Her yaz Ege denizindeki anlaşmazlıklar sebebiyle, Türkiye ve Yunanistan savaşın eşiğine gelirdi. Yunanistan, Rusya ile birlikte belleğimize ebedi düşman olarak işlenmişti. Bizim neslimiz, “Yunan Mezalimi” ve “Moskof Mezalimi” hikayeleriyle büyümüştü.
Zaman deveran ediyor ve bugün dünya değişiyor.
Bugün Meriç Nehri’nin iki yakasında çok farklı iki dünya var.
Meriç’in bir yakasında, uzun zamandır baskı ve zulüm altında olan Türkiye var. Meriç’in diğer yakasında ise bu baskı rejimini terk eden insanların ilk durağı Yunanistan…
Meriç üzerinden veya Ege denizinden Yunanistan’a geçen Hizmet insanlarının hikayelerini dinledim.
Hizmet insanları Yunanistan’ı bir de bu vaziyette gördüler, Yunanlılar da bir de böyle bir Türkiye’ye şahitlik ettiler.
Bir zamanlar Osmanlı olan nehrin iki yakası, tam 200 yıl önce yaşanan Mora isyanından beri, ilk defa çok farklı bir etkileşim yaşadı.
Buna yeni bir dünyanın ayak sesleri gözüyle de bakabilirsiniz.
Bu yazıyı yazmama, Meriç nehrini annesiyle birlikte geçerken bottan suya düşüp vefat eden minik Nurefşan vesile oldu. Nurefşan ve daha önce Meriç’te can veren çocuklarımız ve kardeşlerimiz, bu sürecin yitikleri olarak hiç bir zaman unutulmayacaklar.
Türkiye’den ve İslam coğrafyasının diğer bölgelerinden binlerce insan neden her gün her türlü tehlikeyi göze alarak Batı’ya göç etmeye çalışıyor?
Dikkat edin, insanlar bir İslam ülkesinden diğerine gitmek yerine, bu tehlikeleri göze alarak Batı’ya doğru göç ediyorlar.
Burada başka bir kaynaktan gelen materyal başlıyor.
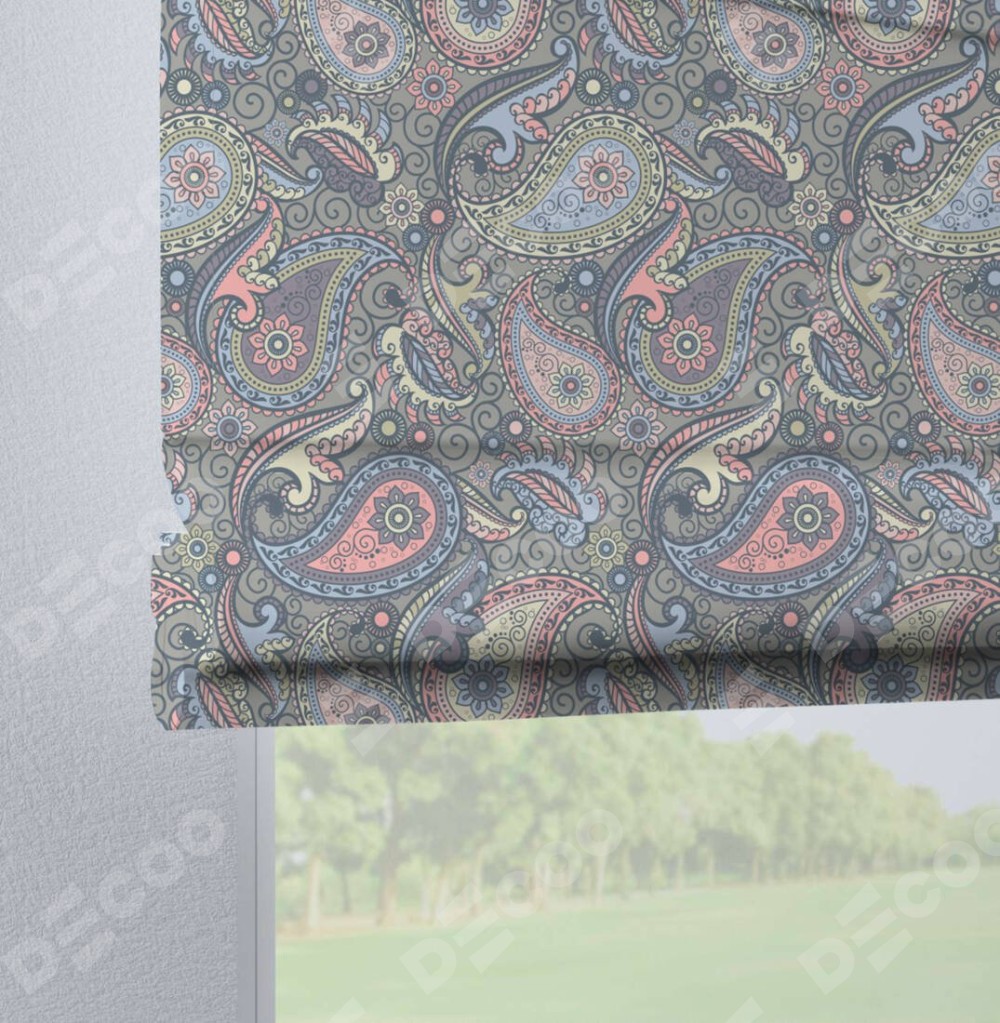 Римская штора производителя «Cortin», используется для проёма, пошита из ткани блэкаут с нанесением сублимационной печати «Цветной пейсли». Данная модель пошита на петлях, комплектуется на выбор круглым карнизом и подходит для монтажа на стену. Римская штора на петлях имеет простую систему регулировки высоты, отличительным преимуществом данной модели является простой способ монтажа. Достаточно повесить ее на трубу и штора готова!

Çünkü İslam coğrafyası ve Türkiye, umudun ve yeni bir hayatın adresi olmaktan çok uzak…
Siyaset ve iktidar, huzurun ve hukukun yerini almış.
Büyük hukuk alimi, tarihçi ve devlet adamı Ahmet Cevdet Paşa, “Peygamberler Ve Halifeler Tarihi” (Kısas-ı Enbiya va Tarih-i Hulefa) eserinde Emevi Halifesi Muaviye’nin ölümüne yakın söylediği şu sözü aktarıyor:
“Keşke Zituvâ vadisinde yaşayan bir fil olsaydım da emirlik işleriyle uğraşmasaydım…”
Muaviye, 20 yıl Şam valiliği, 20 yıl da halifelik yaptıktan sonra söylüyor bu sözleri…
Zituvâ, Mekke yakınlarında bir vadi…
Muaviye, 40 yıllık emirliğine bu sözleri ile veda ederken, kefenlerini alıp minbere çıkan hatip şöyle diyordu:
“Muaviye öldü, işte kefenleri budur. Onu bu kefenler içine sarıp kabre koyacağız ve onu işledikleriyle Allah’ın isteğine terk edeceğiz…”
Muaviye 680 yılında vefat etti. Aradan bin 340 sene geçmiş.
Bugün İslam aleminde kimi 20 yıl, kimi 30 yıl devlete hakim olan insanlar var.
Kaçı ömürlerinin sonlarına doğru Muaviye gibi, “Keşke devlet başkanlığı, emirlik yapmasaydım da vadide yaşayan bir fil, çölde yasayan bir deve olsaydım” diyecek?..
Belki duyacağız, belki duymayacağız.
Ama her idarenin, her “emir’in bir sonu var.
Ben Hizmet Hareketi'yle 1988 yılında üniversiteye adımımı attığımda tanıştım.
Hizmet insanları o günlerden beri göç ediyorlar. Önce Orta Asya’ya, sonra dünyanın her tarafına…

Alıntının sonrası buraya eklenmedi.